Transcribe the listing in full, excluding any pictures.
○ ○ ○
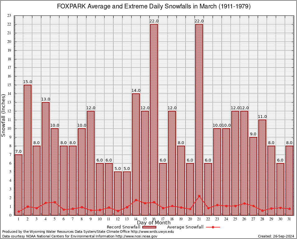 FOXPARK (483630) March Average and Extreme Daily Snowfall AMounts (1911-1979) To index page for FOXPARK
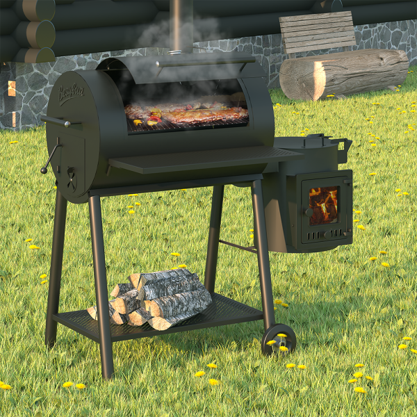 Для удобного использования на передней поверхности смокера сделана съёмная стальная полка для размещения продуктов и посуды. Смокер установлен на подставке с надёжными стальными ножками. В нижней части подставки сделана полка, на которой удобно хранить дрова и инструменты для работы со смокером. Две ножки смокера оснащены колёсами для удобства перемещения изделия по зоне барбекю. Для перекатывания смокера используется ручка на боковой стороне основного модуля смокера.
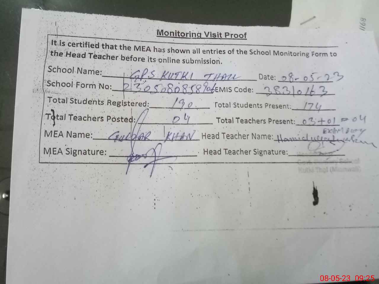 | Attendance Register | Head Teacher | MEA with School | Visit Proof |
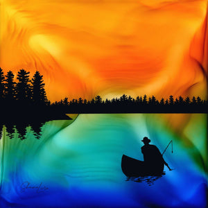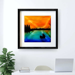 Warm skies and calm water crystallized out of the ink-burning process, setting the scene for a sunset paddle. A peaceful and serene moment, I was inspired to meld the lone canoeist into the piece from a moment I had watching my father glide into an evening on Lake Nippissing.
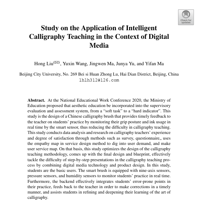 發表論文:2022年7月 在Design Thinking and Practice in Contemporary and Emerging Technologies發表論文Study on the Application of Intelligent Calligraphy Teaching in the Context of Digital Media
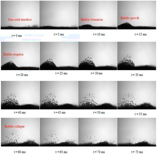 Eruption of bubbles at the gas–solid interface in the free board region of bubbling fluidized bed, leading to suspension of particles (1000 fps).
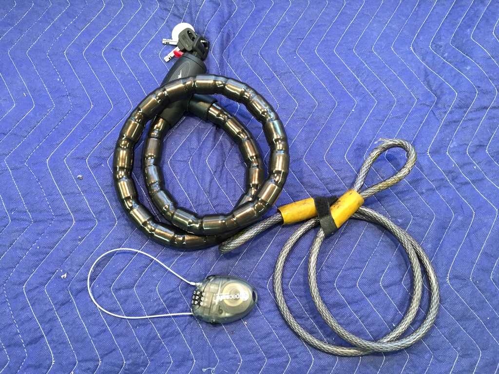 And finally, there are cables, cable locks, and other hybrid locks. These are the easiest to defeat -- most of them can be defeated with just cable cutters or bolt cutters. Personally, I don't rely on these for primary security, but we do travel with one cable. We also have a Pacsafe Retractasafe that I carry sometimes. It's terrible primary security for a bike, but it can be useful for things like locking your bike when you're dining at an outdoor cafe and can see it. (In that case, I just need to slow the thief down so I can catch them.)
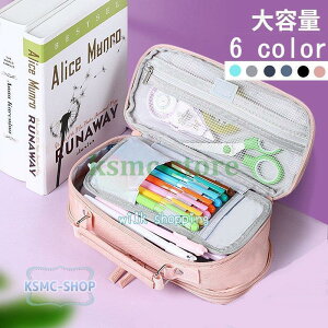 大容量&多機能?使い勝手抜群のペンケースです!■文房具をまとめて収納可能! ペンはもちろんのこと、分度器やはさみなども収納できて持ち運び楽ちんです◎■仕切り&ペンホルダー付き! 3つのポケットとペンホルダー付きで、大容
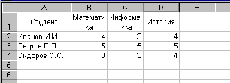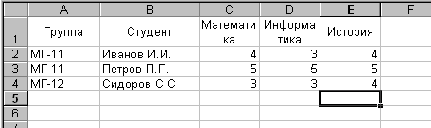 Пример 1. Найти средний балл каждого студента. Информация о результатах сдачи сессии представлена в списке рис.5. Решить эту задачу возможно только с помощью ввода расчетной формулы "средний балл".
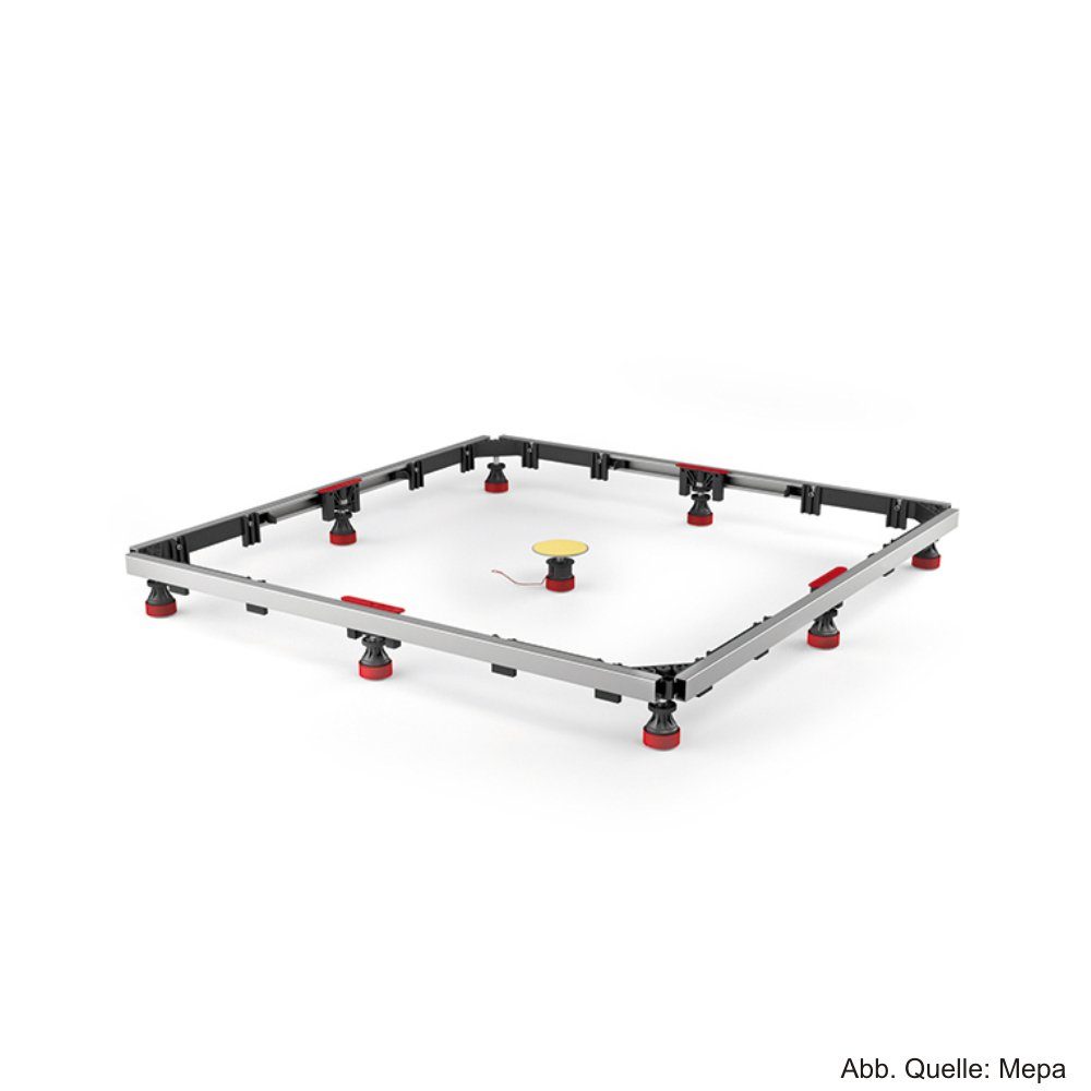 MEPA Montagerahmen SF für Rechteck-Stahl-/Mineralguss- und Acryl-Duschwannen bis 120x120 cm, 150182 - Eigenschaften: für extra- und superflache rechteckige Stahl-Duschwannen und Mineralguss-/Acryl-Duschwannen mit glattem Untergrund. Flexibel ablängbar und einfach einstellbar. Всі Montageschritte erfolgen bequem von oben und bieten durch das durchdachte Konzept einen fachgerechten und standstabilen Einbau. In Verbindung mit Erweiterungsset Ultratief und Extrahoch sind Einbauhöhen von 55 bis 230 mm. Bei Verwendung mit Mineralguss-/Acryl-Duschwannen mit glattem Untergrund die Hinweise beachten. Geeignet für: Duschwannen Wannenmaterial: Stahl Abmessungen: 70x70 cm - 120x120 cm Höhenverstellbarkeit: 125 mm Einbauhöhe von bis: 65-190 mm Wannenkörper: 70x70 cm - 120x120 cm Lieferumfang: 8 höhenverstellbare Schraubfüße 1 EasyLift-Wannenfuß separat zur mittleren Abstützung ADS (Anti-Dreh- und Schallschutz-System) 4 Bodenlaschen zur Fixierung mit Befestigungsmaterial Adapterhülsen 25 mm und 50 mm mit Schraubgewinde 1 Ecktraverse zur variablen Montage des Wannenfußes im Eckbereich bei besonderen Einbausituationen MP150182
○ ○ ○
> TASK SOLUTION
 FOXPARK (483630) March Average and Extreme Daily Snowfall AMounts (1911-1979) To index page for FOXPARK
 Для удобного использования на передней поверхности смокера сделана съёмная стальная полка для размещения продуктов и посуды. Смокер установлен на подставке с надёжными стальными ножками. В нижней части подставки сделана полка, на которой удобно хранить дрова и инструменты для работы со смокером. Две ножки смокера оснащены колёсами для удобства перемещения изделия по зоне барбекю. Для перекатывания смокера используется ручка на боковой стороне основного модуля смокера.
 | Attendance Register | Head Teacher | MEA with School | Visit Proof |
 Warm skies and calm water crystallized out of the ink-burning process, setting the scene for a sunset paddle. A peaceful and serene moment, I was inspired to meld the lone canoeist into the piece from a moment I had watching my father glide into an evening on Lake Nippissing.
 發表論文:2022年7月 在Design Thinking and Practice in Contemporary and Emerging Technologies發表論文Study on the Application of Intelligent Calligraphy Teaching in the Context of Digital Media
 Eruption of bubbles at the gas–solid interface in the free board region of bubbling fluidized bed, leading to suspension of particles (1000 fps).
 And finally, there are cables, cable locks, and other hybrid locks. These are the easiest to defeat -- most of them can be defeated with just cable cutters or bolt cutters. Personally, I don't rely on these for primary security, but we do travel with one cable. We also have a Pacsafe Retractasafe that I carry sometimes. It's terrible primary security for a bike, but it can be useful for things like locking your bike when you're dining at an outdoor cafe and can see it. (In that case, I just need to slow the thief down so I can catch them.)
 大容量&多機能?使い勝手抜群のペンケースです!■文房具をまとめて収納可能! ペンはもちろんのこと、分度器やはさみなども収納できて持ち運び楽ちんです◎■仕切り&ペンホルダー付き! 3つのポケットとペンホルダー付きで、大容
 Пример 1. Найти средний балл каждого студента. Информация о результатах сдачи сессии представлена в списке рис.5. Решить эту задачу возможно только с помощью ввода расчетной формулы "средний балл".
 MEPA Montagerahmen SF für Rechteck-Stahl-/Mineralguss- und Acryl-Duschwannen bis 120x120 cm, 150182 - Eigenschaften: für extra- und superflache rechteckige Stahl-Duschwannen und Mineralguss-/Acryl-Duschwannen mit glattem Untergrund. Flexibel ablängbar und einfach einstellbar. Всі Montageschritte erfolgen bequem von oben und bieten durch das durchdachte Konzept einen fachgerechten und standstabilen Einbau. In Verbindung mit Erweiterungsset Ultratief und Extrahoch sind Einbauhöhen von 55 bis 230 mm. Bei Verwendung mit Mineralguss-/Acryl-Duschwannen mit glattem Untergrund die Hinweise beachten. Geeignet für: Duschwannen Wannenmaterial: Stahl Abmessungen: 70x70 cm - 120x120 cm Höhenverstellbarkeit: 125 mm Einbauhöhe von bis: 65-190 mm Wannenkörper: 70x70 cm - 120x120 cm Lieferumfang: 8 höhenverstellbare Schraubfüße 1 EasyLift-Wannenfuß separat zur mittleren Abstützung ADS (Anti-Dreh- und Schallschutz-System) 4 Bodenlaschen zur Fixierung mit Befestigungsmaterial Adapterhülsen 25 mm und 50 mm mit Schraubgewinde 1 Ecktraverse zur variablen Montage des Wannenfußes im Eckbereich bei besonderen Einbausituationen MP150182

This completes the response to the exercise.